'Víctor del Árbol: “La génesis de ‘El hijo del padre’ está en el hecho de ponerme en paz conmigo mismo”'

El hijo del padre (Ediciones Destino) es un thriller cuyo prometedor título nos lleva a una obra dramática. Conforme se desarrolla la historia, te atrapa en una espiral de constantes tramas que se van abriendo para presentarle al lector una ambiciosa novela desarrollada entre los caóticos años de la primera mitad del pasado siglo XX y el 2010, con verdades ocultas, mentiras dolorosas, amores impuros y rencores que no terminan de extinguirse. La trayectoria vital de una modesta familia, los Martín, se cruza con la de un cacique, don Benito Patriota,  que escenificará la metáfora de odios y traiciones de la España de preguerra y posguerra que flanquean el trienio cainita de la guerra civil. Pero como se puede comprobar durante la lectura, El hijo del padre no es sólo eso, es mucho más.

Víctor del Árbol: “La génesis de El hijo del padre está en el hecho de ponerme en paz conmigo mismo”
Fotografía de Andrea del Zapatero

El hijo del padre es un thriller con una carga emocional y dramática enorme, que toca muchos temas, desde la ausencia emocional, que no física, de un padre; de la Verdad; la enfermedad mental; de esa deshumanización que existe en el mundo y en España en la primera mitad del pasado siglo… ¿Cómo y por qué nace la necesidad de crear una historia tan intensa e incluso dura? ¿Cómo se ha desarrollado la trama, sobre un plan previo o con momentos de improvisación?

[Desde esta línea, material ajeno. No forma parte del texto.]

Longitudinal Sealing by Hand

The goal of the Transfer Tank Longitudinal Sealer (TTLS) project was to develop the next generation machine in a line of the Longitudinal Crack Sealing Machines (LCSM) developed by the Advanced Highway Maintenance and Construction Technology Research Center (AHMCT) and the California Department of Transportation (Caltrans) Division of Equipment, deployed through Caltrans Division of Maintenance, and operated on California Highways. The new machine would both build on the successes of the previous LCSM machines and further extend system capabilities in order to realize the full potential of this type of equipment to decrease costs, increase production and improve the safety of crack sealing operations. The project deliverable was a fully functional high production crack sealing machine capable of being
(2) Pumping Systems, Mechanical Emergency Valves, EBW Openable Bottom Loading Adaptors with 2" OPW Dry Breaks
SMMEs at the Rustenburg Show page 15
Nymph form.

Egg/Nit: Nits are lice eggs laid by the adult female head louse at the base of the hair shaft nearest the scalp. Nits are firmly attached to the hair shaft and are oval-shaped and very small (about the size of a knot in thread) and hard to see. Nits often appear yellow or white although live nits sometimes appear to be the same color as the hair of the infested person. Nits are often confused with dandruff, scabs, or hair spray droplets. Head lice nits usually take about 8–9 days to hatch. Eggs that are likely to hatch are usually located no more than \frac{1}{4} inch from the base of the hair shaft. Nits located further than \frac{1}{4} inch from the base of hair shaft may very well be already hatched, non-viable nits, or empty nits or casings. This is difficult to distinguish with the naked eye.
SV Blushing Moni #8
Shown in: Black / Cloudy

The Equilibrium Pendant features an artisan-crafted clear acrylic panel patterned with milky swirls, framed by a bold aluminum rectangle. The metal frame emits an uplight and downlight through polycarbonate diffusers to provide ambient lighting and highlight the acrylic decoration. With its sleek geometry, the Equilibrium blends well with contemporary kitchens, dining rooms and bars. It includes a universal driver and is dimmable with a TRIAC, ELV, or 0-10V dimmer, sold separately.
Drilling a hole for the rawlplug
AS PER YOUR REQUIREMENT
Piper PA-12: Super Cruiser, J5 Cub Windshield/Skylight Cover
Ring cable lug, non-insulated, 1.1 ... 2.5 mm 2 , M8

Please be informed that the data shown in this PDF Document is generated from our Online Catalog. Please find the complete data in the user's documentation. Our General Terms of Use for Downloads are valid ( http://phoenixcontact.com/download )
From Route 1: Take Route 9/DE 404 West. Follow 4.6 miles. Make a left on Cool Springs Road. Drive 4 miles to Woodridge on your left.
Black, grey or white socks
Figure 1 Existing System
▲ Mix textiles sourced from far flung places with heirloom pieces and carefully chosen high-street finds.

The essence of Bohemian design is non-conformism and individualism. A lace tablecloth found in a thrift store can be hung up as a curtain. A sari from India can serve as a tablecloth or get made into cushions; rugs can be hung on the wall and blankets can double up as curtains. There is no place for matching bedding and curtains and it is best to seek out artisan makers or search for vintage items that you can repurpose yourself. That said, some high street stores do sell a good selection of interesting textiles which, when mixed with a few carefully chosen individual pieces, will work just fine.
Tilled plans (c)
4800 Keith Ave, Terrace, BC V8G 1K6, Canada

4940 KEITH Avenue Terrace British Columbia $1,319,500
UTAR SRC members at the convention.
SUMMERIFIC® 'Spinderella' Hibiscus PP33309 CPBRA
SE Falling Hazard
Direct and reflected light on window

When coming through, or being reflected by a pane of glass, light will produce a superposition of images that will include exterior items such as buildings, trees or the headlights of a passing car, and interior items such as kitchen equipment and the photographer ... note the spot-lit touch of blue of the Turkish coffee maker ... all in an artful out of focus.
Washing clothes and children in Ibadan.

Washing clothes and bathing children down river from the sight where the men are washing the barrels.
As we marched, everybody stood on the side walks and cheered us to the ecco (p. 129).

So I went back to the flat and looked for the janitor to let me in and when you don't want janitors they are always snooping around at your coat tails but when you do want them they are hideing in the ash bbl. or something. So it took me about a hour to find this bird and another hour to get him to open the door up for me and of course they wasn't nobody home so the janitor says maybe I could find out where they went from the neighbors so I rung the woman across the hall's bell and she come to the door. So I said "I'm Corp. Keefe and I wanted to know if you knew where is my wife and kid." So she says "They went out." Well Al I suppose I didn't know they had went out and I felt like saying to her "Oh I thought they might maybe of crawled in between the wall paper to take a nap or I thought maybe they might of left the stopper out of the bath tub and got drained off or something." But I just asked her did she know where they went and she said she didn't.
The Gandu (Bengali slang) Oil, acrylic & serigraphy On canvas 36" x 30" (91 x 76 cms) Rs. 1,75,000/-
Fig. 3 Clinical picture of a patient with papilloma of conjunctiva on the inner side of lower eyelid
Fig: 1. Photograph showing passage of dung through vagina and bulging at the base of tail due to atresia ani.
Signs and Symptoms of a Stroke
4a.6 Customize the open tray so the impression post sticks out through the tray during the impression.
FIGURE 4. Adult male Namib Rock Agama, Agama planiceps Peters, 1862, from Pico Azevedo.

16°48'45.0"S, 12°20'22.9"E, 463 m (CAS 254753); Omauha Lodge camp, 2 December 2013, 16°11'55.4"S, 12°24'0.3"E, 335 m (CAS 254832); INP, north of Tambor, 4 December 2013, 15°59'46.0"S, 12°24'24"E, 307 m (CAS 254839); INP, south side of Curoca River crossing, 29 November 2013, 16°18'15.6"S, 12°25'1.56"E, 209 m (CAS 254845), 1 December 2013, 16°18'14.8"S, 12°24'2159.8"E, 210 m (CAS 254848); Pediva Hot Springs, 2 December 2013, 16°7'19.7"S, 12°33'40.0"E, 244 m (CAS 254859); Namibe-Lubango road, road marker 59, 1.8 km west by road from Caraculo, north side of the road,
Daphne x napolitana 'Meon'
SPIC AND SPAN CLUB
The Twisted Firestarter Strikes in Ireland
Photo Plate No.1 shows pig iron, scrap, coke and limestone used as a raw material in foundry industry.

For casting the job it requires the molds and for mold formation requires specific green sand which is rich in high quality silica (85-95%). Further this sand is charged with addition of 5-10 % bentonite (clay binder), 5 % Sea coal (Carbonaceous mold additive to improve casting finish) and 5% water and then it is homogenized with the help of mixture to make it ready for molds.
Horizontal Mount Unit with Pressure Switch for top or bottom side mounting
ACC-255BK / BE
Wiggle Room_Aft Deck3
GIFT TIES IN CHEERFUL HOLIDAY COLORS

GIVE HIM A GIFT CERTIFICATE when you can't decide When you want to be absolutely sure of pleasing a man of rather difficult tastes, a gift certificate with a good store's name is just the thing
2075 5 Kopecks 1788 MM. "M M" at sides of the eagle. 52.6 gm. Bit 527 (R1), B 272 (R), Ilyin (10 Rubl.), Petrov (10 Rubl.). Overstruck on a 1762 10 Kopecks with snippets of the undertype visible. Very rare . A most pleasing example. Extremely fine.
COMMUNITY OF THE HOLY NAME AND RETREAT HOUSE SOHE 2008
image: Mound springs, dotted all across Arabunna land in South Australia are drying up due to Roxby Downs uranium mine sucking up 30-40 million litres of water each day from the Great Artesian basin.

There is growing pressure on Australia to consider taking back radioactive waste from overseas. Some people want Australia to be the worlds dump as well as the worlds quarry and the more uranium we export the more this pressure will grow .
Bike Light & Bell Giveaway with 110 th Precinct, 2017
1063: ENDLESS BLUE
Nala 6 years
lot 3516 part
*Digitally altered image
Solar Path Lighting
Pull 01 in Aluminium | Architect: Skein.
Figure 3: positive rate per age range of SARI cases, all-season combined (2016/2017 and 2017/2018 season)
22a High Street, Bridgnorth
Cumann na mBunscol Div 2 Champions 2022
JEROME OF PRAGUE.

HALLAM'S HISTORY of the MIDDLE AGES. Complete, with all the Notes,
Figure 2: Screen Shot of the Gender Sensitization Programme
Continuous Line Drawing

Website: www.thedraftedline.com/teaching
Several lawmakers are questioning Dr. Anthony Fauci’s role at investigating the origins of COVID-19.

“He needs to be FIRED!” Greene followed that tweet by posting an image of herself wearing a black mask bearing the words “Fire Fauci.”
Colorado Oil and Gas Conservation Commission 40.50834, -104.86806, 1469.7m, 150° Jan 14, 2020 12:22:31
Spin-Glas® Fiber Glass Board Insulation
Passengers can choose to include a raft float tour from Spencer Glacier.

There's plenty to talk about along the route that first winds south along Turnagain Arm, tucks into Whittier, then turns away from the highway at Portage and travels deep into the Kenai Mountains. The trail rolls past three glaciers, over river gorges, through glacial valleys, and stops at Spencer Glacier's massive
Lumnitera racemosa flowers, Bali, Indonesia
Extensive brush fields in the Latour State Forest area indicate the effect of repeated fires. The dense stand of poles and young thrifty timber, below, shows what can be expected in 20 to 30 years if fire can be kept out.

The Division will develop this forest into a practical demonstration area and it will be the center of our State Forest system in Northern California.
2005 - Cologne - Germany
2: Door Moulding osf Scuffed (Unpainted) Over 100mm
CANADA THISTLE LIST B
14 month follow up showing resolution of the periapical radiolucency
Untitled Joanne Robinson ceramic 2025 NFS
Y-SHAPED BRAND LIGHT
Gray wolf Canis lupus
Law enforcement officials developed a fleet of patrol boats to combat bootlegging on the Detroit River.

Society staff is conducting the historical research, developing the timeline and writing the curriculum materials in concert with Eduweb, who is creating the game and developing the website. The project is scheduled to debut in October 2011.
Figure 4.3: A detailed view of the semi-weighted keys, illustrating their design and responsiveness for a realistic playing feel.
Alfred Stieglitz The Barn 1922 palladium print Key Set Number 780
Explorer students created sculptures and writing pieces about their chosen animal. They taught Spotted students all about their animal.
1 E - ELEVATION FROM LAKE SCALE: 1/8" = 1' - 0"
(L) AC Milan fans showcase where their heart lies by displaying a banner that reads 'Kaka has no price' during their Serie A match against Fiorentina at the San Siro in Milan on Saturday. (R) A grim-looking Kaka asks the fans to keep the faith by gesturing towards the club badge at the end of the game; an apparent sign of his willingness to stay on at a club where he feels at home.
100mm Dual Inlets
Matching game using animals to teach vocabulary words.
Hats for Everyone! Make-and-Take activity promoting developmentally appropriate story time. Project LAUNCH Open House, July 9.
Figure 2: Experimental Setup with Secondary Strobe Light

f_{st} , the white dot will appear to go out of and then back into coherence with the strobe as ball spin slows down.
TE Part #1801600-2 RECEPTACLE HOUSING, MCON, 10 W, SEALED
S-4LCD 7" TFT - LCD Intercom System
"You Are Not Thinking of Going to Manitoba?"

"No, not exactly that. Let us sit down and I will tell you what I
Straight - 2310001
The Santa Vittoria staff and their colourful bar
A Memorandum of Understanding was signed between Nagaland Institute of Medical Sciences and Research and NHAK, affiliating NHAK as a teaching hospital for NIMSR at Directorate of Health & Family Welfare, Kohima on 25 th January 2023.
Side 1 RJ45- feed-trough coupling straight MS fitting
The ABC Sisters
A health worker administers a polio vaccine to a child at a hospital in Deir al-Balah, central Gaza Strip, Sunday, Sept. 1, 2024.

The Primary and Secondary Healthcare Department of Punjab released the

En realidad, todos los autores elaboramos una especie de tesis de por qué, cómo y cuándo escribimos la novela. Porque pienso que nos cuesta reconocer la parte instintiva que tiene este proceso de escribir una novela como ésta. Y a mí me gusta precisamente reivindicar esa libertad del creador que funciona por instinto. Las novelas como ésta, que es muy fuerte, que tiene una carga emocional muy poderosa, nacen en un momento en el que ni siquiera el autor es consciente. Tengo la sensación de que esta novela lleva muchos años germinando en mi subconsciente. Y no me he dado cuenta hasta que he visto salir ese brote. Porque al acabarla, al terminar de escribirla, me he dado cuenta de que hay partes de otras muchas novelas que he escrito, que están aquí, Un millón de gotas, Antes de los años terribles… De alguna manera, yo me iba acercando, con titubeos, con miedo, con autocensura… a esa historia del hijo con su padre. Hasta que al final, en un momento determinado de la vida, uno decide dejar de autocensurarse, de tener miedo, y decide ponerse en paz con lo que es; aceptar lo que es y escribir esta historia. Para mí tiene un sentido fundamental porque es mi novela más personal. Dijo bromeando y en serio que es la novela más Víctor del Árbol que he escrito. Y eso que parece tan evidente no lo es porque aquí es donde más he utilizado mi propio bagaje personal, mis recuerdos, esa fuente de la que todo autor se nutre, que es uno mismo. Pero esta vez sin tanto engranaje de tramas, de tensión narrativa. Porque a pesar de que, como dices, esto se vende como un thriller, ésta no deja de ser una etiqueta. Al final, el hecho de que Diego Martín, el protagonista, haya matado a una persona, a Martin Pearce, no deja de ser el punto de partida para hablar de otra cosa mucho más importante: qué es la Verdad, cómo la construimos y para qué nos sirve. Tanto la verdad personal como la verdad colectiva. Así, la génesis de esta novela está en el hecho de ponerme en paz conmigo mismo; no para ponerme en paz, sino el hecho de saber ya quién soy. He escrito de esta manera porque soy un hombre, ya no soy un niño.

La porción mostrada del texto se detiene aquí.